Being unable to pay the indebtedness, Francis G. Fulk, Jr., as administrator of the estate of Francis Guy Fulk, one of the mortgagors, who had died intestate, filed á petition on April 7, 1936, in the United States District Court for the Eastern District of Arkansas, Western Division, under the provisions of § 74 of the Bankruptcy Act, listing the debts and assets of the estate, and asking that proceedings be had for a “composition or extension,” as provided for under that section. Petitions in identical form were filed in the bankruptcy court by Florence M. Fulk, Augustus M. Fulk and Frank M. Fulk, other makers of the $362,500 note.

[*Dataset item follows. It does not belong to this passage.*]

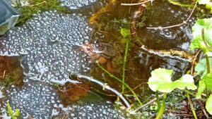We sloten op deze wijze een mooi seizoen van Natuurwerkochtenden af en gaan de lente in. Ook de kikkers in mijn vijver hadden zich aangesloten bij NL-Doet. Toen ik thuis terugkwam bleken ze een flink aantal klompen kikkerdril geheel vrijwillig te hebben gelegd en aan de foto’s is te zien dat tenminste een van de moeders de buik er nog vol van heeft: Lente in Twente, geniet ervan!

These petitions having been referred to the referee in bankruputcy no action, other than the appointment of J. H. Penick as trustee, was had in regard to these petitions for more than three years.

The United States District Court, on June 30, 1939, made an order, reciting the amendment of the Bankruptcy Act by the “Chandler Act,” of June 22, 1938, which, as the court order set forth, “extends and gives greater power to debtors in making arrangements with their creditors regarding debts secured by real estate in what is called Real Estate Arrangements under Chapter XII,” and referring the proceeding to the referee in bankruptcy for “such further proceedings therein as are required by the Bankruptcy Act.”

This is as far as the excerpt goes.